## Dataset section
+-------+
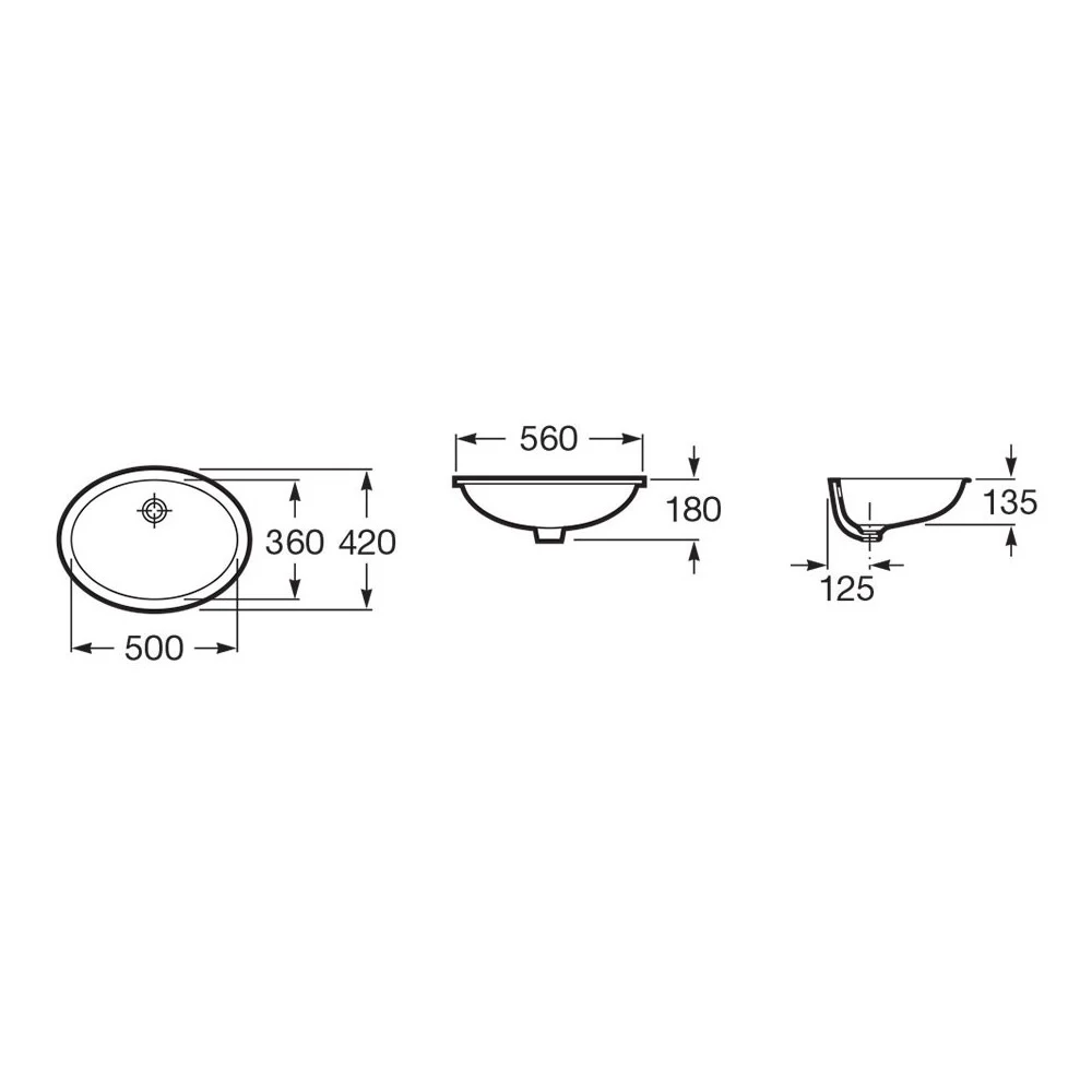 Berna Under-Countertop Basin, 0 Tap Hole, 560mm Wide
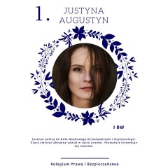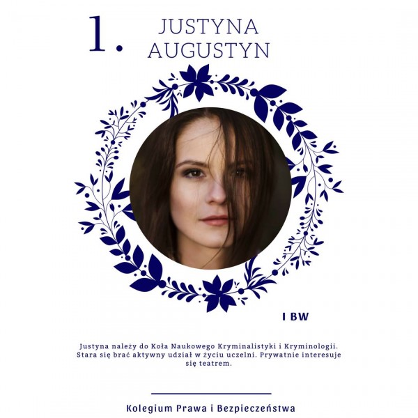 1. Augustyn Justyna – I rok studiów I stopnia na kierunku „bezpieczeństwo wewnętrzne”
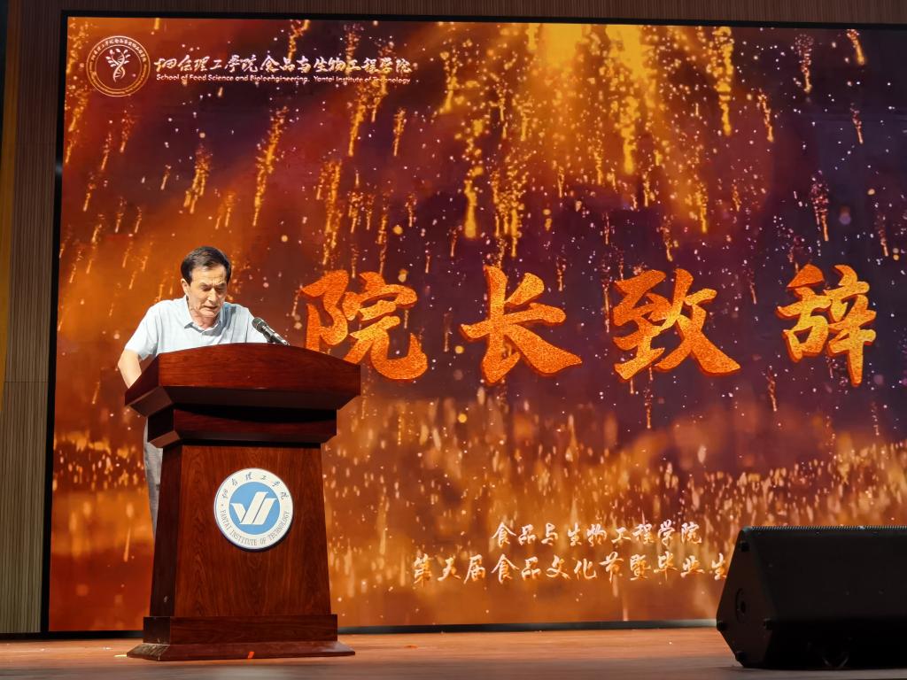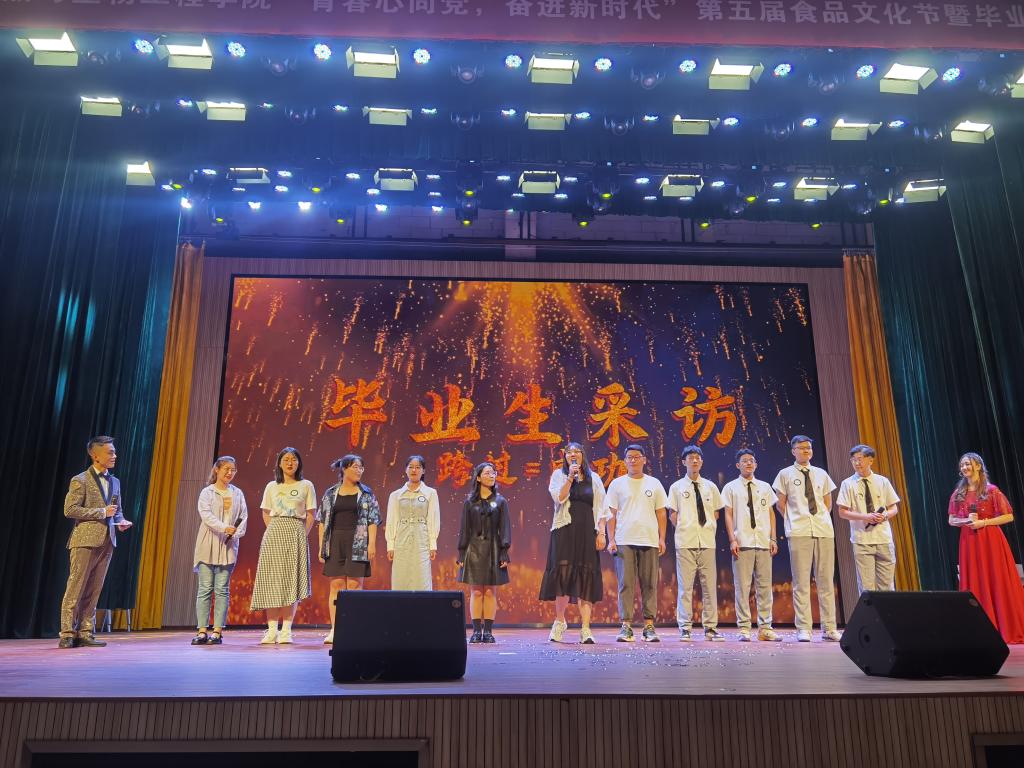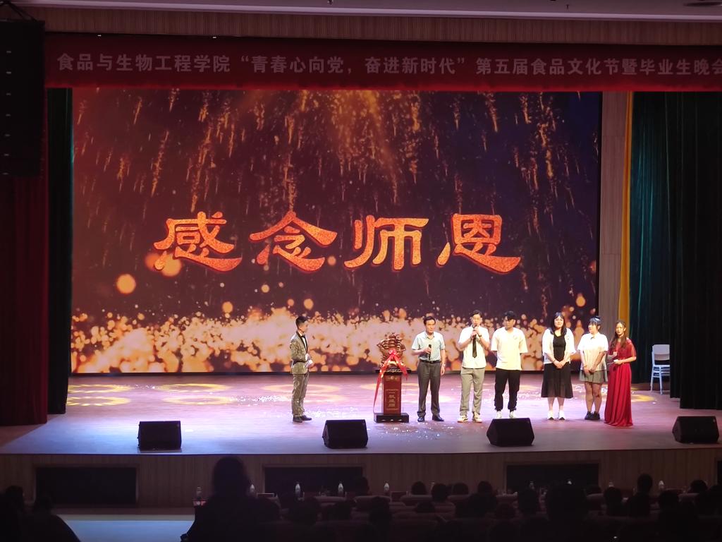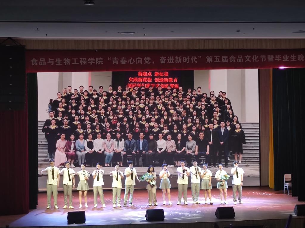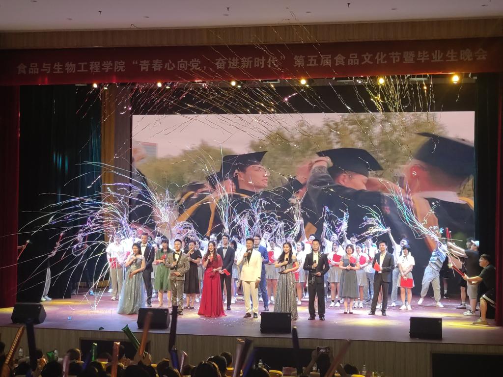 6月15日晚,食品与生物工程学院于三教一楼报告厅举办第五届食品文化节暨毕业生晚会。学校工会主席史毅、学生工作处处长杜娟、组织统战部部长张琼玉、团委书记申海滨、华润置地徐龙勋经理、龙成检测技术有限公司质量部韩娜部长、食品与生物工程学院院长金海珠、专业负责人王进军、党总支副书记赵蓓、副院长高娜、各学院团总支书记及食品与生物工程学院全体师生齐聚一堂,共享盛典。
+-------+
## Problem description
The data above are to be repeated word for word, with any pictures left out.

## Result of the task
 Berna Under-Countertop Basin, 0 Tap Hole, 560mm Wide
 1. Augustyn Justyna – I rok studiów I stopnia na kierunku „bezpieczeństwo wewnętrzne”
 6月15日晚,食品与生物工程学院于三教一楼报告厅举办第五届食品文化节暨毕业生晚会。学校工会主席史毅、学生工作处处长杜娟、组织统战部部长张琼玉、团委书记申海滨、华润置地徐龙勋经理、龙成检测技术有限公司质量部韩娜部长、食品与生物工程学院院长金海珠、专业负责人王进军、党总支副书记赵蓓、副院长高娜、各学院团总支书记及食品与生物工程学院全体师生齐聚一堂,共享盛典。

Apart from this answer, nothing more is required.